DESCRIPTION OF THE TASK: Leave out each picture. Repeat everything else in the records exactly.

MATERIAL PROVIDED:
^^^^^^^^

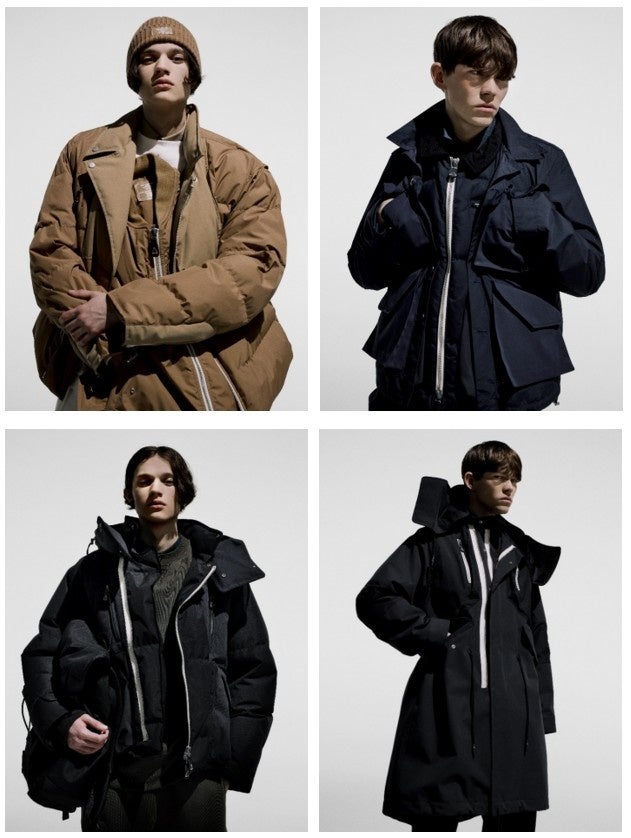 (左上)中綿ライダースジャケット(WINDSTOPPER® PRODUCTS by GORE-TEX LABS)ボクシーなシルエットにアクションプリーツや内ポケットを配し、異素材切替えと巧みなカッティングで機能性とモダンさを両立。¥108,900 (右上)ファティーグジャケット(WINDSTOPPER® PRODUCTS by GORE-TEX LABS)大胆な異素材ポケットと構築的なボクシーシルエットがモダンな機能美を体現。¥59,400 (左下)ダウンジャケット(WINDSTOPPER® PRODUCTS by GORE-TEX LABS)丸みのあるシルエットとシャーリング袖ぐり、実用ポケットを備え、異素材使いと高いカッティング技術が光る一着。143,000円 (右下)フィッシュテールコート(PHENIX独自開発の撥水・防風素材)フレアシルエットに後ろ袖のアクションプリーツ、脱着可能なキルティングライナーとフードを備え、異素材コンビネーションと高いカッティング技術が融合した一着。\176,000
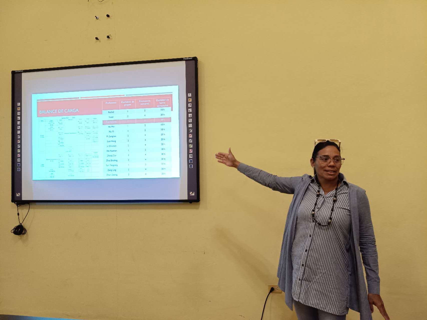 下午,孔院组织了教学总结会,孔院教师与相关工作人员齐聚哈瓦那大学巴罗那楼,共同探讨汉语教学的发展方向。孔苏埃洛女士重点分析了2025-2026学年的教学数据。会上,教师们就教学课时分配、课程内容优化及学生留存率等问题展开了深入讨论。伊塔娜老师表示:“我们应通过多样化的教学形式与本土化的教学方法,让汉语学习更加简单实用。”会议明确了下一阶段的工作方向,并提出要进一步提升教师的教学能力,打造具有古巴特色的汉语教学模式。
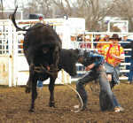 Dalton Sweley appears to be going head-to-head with the bull he just dismounted during the senior boys' bull riding division of the Southeast Kansas Little Britches Rodeo Saturday at the Bourbon County Fairgrounds. Sweley was not injured during the ride... -
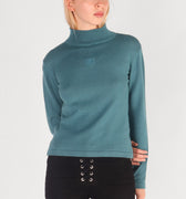 Sweater tejido con cuello media polera. Fit al cuerpo. Logo bordado en delantera.
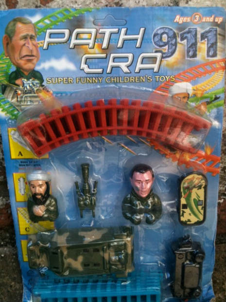 Pourquoi vos enfants continueraient-ils à jouer à la police et aux voleurs ? Grâce au 911 Path Cra, le nom du jouet ici présenté, vous pouvez sensibiliser votre enfant aux enjeux géopolitiques du monde moderne. Fabriqué en Chine et vendu au Maroc, ce jouet représente le duel entre Georges W. Bush et Oussama Ben Laden. Comme vous pouvez le voir en haut de cet image, 4 pièces de plastiques rouges permettent à votre enfant de constituer un manège de chemin de fer, une image forte de la vacuité de la guerre pour votre marmot qui comprendra la vie avant même d’avoir lu Guerre et Paix.
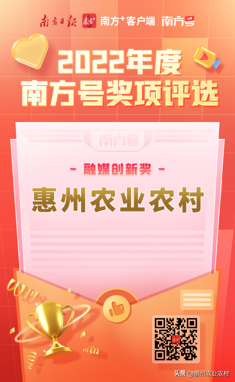 1月17日,2022南方號年度獎項評選結果正式揭曉,“惠州農業農村”喜獲“2022年度融媒創新獎”,這是繼“惠州農業農村”獲得2021南方號年度傳播力獎后,再次獲得南方號年度獎項。 2022年,“惠州農業農村”緊緊圍繞三農信息、涉農政策、鄉村振興等方面內容,共發布信息1584條,多次上榜熱文榜、南方+首頁,150多條文章推送至廣東鄉村振興頻道、南方號頻道,在南方號影響力(總榜)中長期位居前50強,全年最高排名全省19名,在南方號惠州矩陣中,多次位居前五,2022年上半年榮獲南方號“我們這五年”新媒體爆款大賽優秀獎。 策劃宣傳主題,助農解憂解困。2022年,“惠州農業農村”圍繞農業科技特派員下鄉為主題,全面宣傳農業科技特派員下鄉指導農民農業技術、搭建電商平臺、開展學習培訓、送物資等系列活動,切實為農民群眾排憂解難。結合東坡荔枝文化節、鄉村休閑體驗季等活動,全方位宣傳啟動儀式、銷售渠道、旅游精品路線等,受到廣大網友關注。 突出原創特色,不斷尋求突破。“惠州農業農村”在原創海報、短視頻上持續發力,精心設計了二十四節氣原創海報,集本土元素、農耕文化、農業諺語于一體,讓人耳目一新。同時,推送的原創短視頻構圖、畫面、內容創意滿滿,獲得贊譽無數。 聚焦疫情防控,做好輿論引導。隨著疫情防控政策的不斷調整,“惠州農業農村”陸續推出《“新十條”落地!多地防控措施最新調整》《關注!多地疫情防控最新措施速覽》《重要通知發布!涉及農村疫情防控》《居家隔離,這些事一定要做好》等圖文,全方位、多角度、多場域做好疫情防控期間輿論引導和宣傳教育工作。
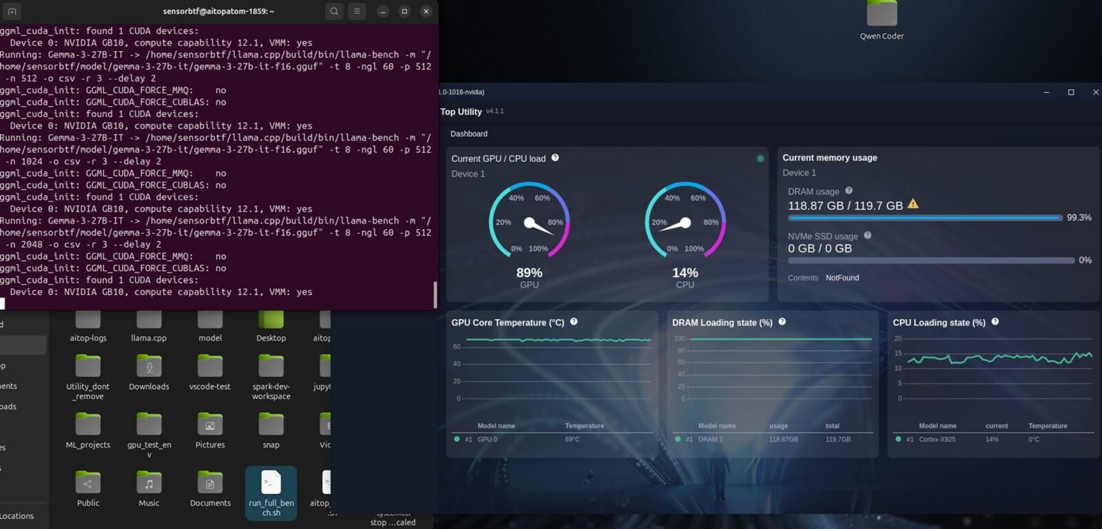 Na zakończenie codziennej zabawy z Gigabyte AI TOP ATOM zapodałem sprzętowi kilkunastogodzinny, kompleksowy benchmark, który objął test trzech różnych modeli. Qwen3-Coder-30B-A3B w kwantyzacji UD-Q4_K_XL jako specjalistę od programowania, Gemma-3-27B-IT w Q4_K_M jako kompaktowego generalistę oraz Gemma-3-27B-IT w pełnym FP16 jako punkt odniesienia dla jakości. Generator obciążenia robił swoje, a osobny sampler co sekundę zbierał temperatury i pobór mocy GPU, zapewniając informacje co do długotrwałej wydajności, przeciętnego zużycia energii podczas stałego obciążenia i krótkich szczytów poboru mocy pod maksymalnym obciążeniem. Co najważniejsze, cały test przebiegał bez żadnej niestabilności czy resetowania sprzętu.
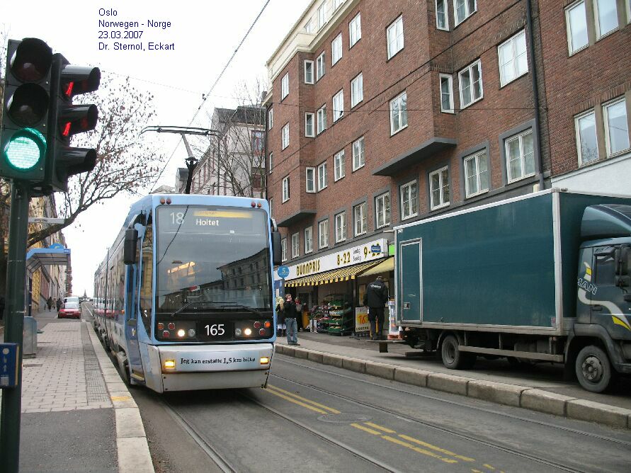 | IMG 5213 Oslo 23.03.07 Tram 166, Linie 13, an der stadtwärtigen Hst. Solli. Dr. Sternol, Eckart (Foto) |
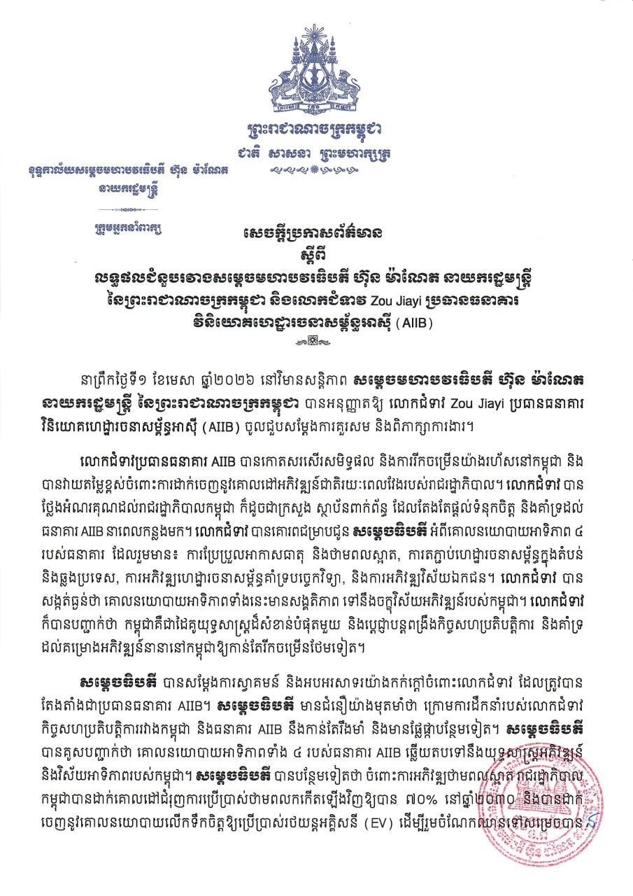 • នៅ​ថ្ងៃ​ទី​២៥​ ខែមីនា​ ឆ្នាំ​២០២៦​ មន្ទីរ​ធនធានទឹក​ និង​ឧតុនិយម​រាជធានី​ភ្នំពេញ​ បាន​ចេញ​សេចក្តីជូនដំណឹង​អំពី​ស្ថានភាព​អាកាសធាតុ​រាជធានី​ភ្នំពេញ​។​​សេចក្តីជូនដំណឹង​នេះ​បាន​បញ្ជាក់​ថា​ ចាប់ពី​ថ្ងៃ​ទី​២៦​ ខែមីនា​ ដល់​ថ្ងៃ​ទី​៧​ ខែមេសា​ ឆ្នាំ​២០២៦​ រាជធានី​ភ្នំពេញ​ នឹង​រង​ឥទ្ធិពល ...

^^^^^^^^

YOUR SOLUTION:
 (左上)中綿ライダースジャケット(WINDSTOPPER® PRODUCTS by GORE-TEX LABS)ボクシーなシルエットにアクションプリーツや内ポケットを配し、異素材切替えと巧みなカッティングで機能性とモダンさを両立。¥108,900 (右上)ファティーグジャケット(WINDSTOPPER® PRODUCTS by GORE-TEX LABS)大胆な異素材ポケットと構築的なボクシーシルエットがモダンな機能美を体現。¥59,400 (左下)ダウンジャケット(WINDSTOPPER® PRODUCTS by GORE-TEX LABS)丸みのあるシルエットとシャーリング袖ぐり、実用ポケットを備え、異素材使いと高いカッティング技術が光る一着。143,000円 (右下)フィッシュテールコート(PHENIX独自開発の撥水・防風素材)フレアシルエットに後ろ袖のアクションプリーツ、脱着可能なキルティングライナーとフードを備え、異素材コンビネーションと高いカッティング技術が融合した一着。\176,000
 下午,孔院组织了教学总结会,孔院教师与相关工作人员齐聚哈瓦那大学巴罗那楼,共同探讨汉语教学的发展方向。孔苏埃洛女士重点分析了2025-2026学年的教学数据。会上,教师们就教学课时分配、课程内容优化及学生留存率等问题展开了深入讨论。伊塔娜老师表示:“我们应通过多样化的教学形式与本土化的教学方法,让汉语学习更加简单实用。”会议明确了下一阶段的工作方向,并提出要进一步提升教师的教学能力,打造具有古巴特色的汉语教学模式。
 Dalton Sweley appears to be going head-to-head with the bull he just dismounted during the senior boys' bull riding division of the Southeast Kansas Little Britches Rodeo Saturday at the Bourbon County Fairgrounds. Sweley was not injured during the ride... -
 Sweater tejido con cuello media polera. Fit al cuerpo. Logo bordado en delantera.
 Pourquoi vos enfants continueraient-ils à jouer à la police et aux voleurs ? Grâce au 911 Path Cra, le nom du jouet ici présenté, vous pouvez sensibiliser votre enfant aux enjeux géopolitiques du monde moderne. Fabriqué en Chine et vendu au Maroc, ce jouet représente le duel entre Georges W. Bush et Oussama Ben Laden. Comme vous pouvez le voir en haut de cet image, 4 pièces de plastiques rouges permettent à votre enfant de constituer un manège de chemin de fer, une image forte de la vacuité de la guerre pour votre marmot qui comprendra la vie avant même d’avoir lu Guerre et Paix.
 1月17日,2022南方號年度獎項評選結果正式揭曉,“惠州農業農村”喜獲“2022年度融媒創新獎”,這是繼“惠州農業農村”獲得2021南方號年度傳播力獎后,再次獲得南方號年度獎項。 2022年,“惠州農業農村”緊緊圍繞三農信息、涉農政策、鄉村振興等方面內容,共發布信息1584條,多次上榜熱文榜、南方+首頁,150多條文章推送至廣東鄉村振興頻道、南方號頻道,在南方號影響力(總榜)中長期位居前50強,全年最高排名全省19名,在南方號惠州矩陣中,多次位居前五,2022年上半年榮獲南方號“我們這五年”新媒體爆款大賽優秀獎。 策劃宣傳主題,助農解憂解困。2022年,“惠州農業農村”圍繞農業科技特派員下鄉為主題,全面宣傳農業科技特派員下鄉指導農民農業技術、搭建電商平臺、開展學習培訓、送物資等系列活動,切實為農民群眾排憂解難。結合東坡荔枝文化節、鄉村休閑體驗季等活動,全方位宣傳啟動儀式、銷售渠道、旅游精品路線等,受到廣大網友關注。 突出原創特色,不斷尋求突破。“惠州農業農村”在原創海報、短視頻上持續發力,精心設計了二十四節氣原創海報,集本土元素、農耕文化、農業諺語于一體,讓人耳目一新。同時,推送的原創短視頻構圖、畫面、內容創意滿滿,獲得贊譽無數。 聚焦疫情防控,做好輿論引導。隨著疫情防控政策的不斷調整,“惠州農業農村”陸續推出《“新十條”落地!多地防控措施最新調整》《關注!多地疫情防控最新措施速覽》《重要通知發布!涉及農村疫情防控》《居家隔離,這些事一定要做好》等圖文,全方位、多角度、多場域做好疫情防控期間輿論引導和宣傳教育工作。
 Na zakończenie codziennej zabawy z Gigabyte AI TOP ATOM zapodałem sprzętowi kilkunastogodzinny, kompleksowy benchmark, który objął test trzech różnych modeli. Qwen3-Coder-30B-A3B w kwantyzacji UD-Q4_K_XL jako specjalistę od programowania, Gemma-3-27B-IT w Q4_K_M jako kompaktowego generalistę oraz Gemma-3-27B-IT w pełnym FP16 jako punkt odniesienia dla jakości. Generator obciążenia robił swoje, a osobny sampler co sekundę zbierał temperatury i pobór mocy GPU, zapewniając informacje co do długotrwałej wydajności, przeciętnego zużycia energii podczas stałego obciążenia i krótkich szczytów poboru mocy pod maksymalnym obciążeniem. Co najważniejsze, cały test przebiegał bez żadnej niestabilności czy resetowania sprzętu.
 | IMG 5213 Oslo 23.03.07 Tram 166, Linie 13, an der stadtwärtigen Hst. Solli. Dr. Sternol, Eckart (Foto) |
 • នៅ​ថ្ងៃ​ទី​២៥​ ខែមីនា​ ឆ្នាំ​២០២៦​ មន្ទីរ​ធនធានទឹក​ និង​ឧតុនិយម​រាជធានី​ភ្នំពេញ​ បាន​ចេញ​សេចក្តីជូនដំណឹង​អំពី​ស្ថានភាព​អាកាសធាតុ​រាជធានី​ភ្នំពេញ​។​​សេចក្តីជូនដំណឹង​នេះ​បាន​បញ្ជាក់​ថា​ ចាប់ពី​ថ្ងៃ​ទី​២៦​ ខែមីនា​ ដល់​ថ្ងៃ​ទី​៧​ ខែមេសា​ ឆ្នាំ​២០២៦​ រាជធានី​ភ្នំពេញ​ នឹង​រង​ឥទ្ធិពល ...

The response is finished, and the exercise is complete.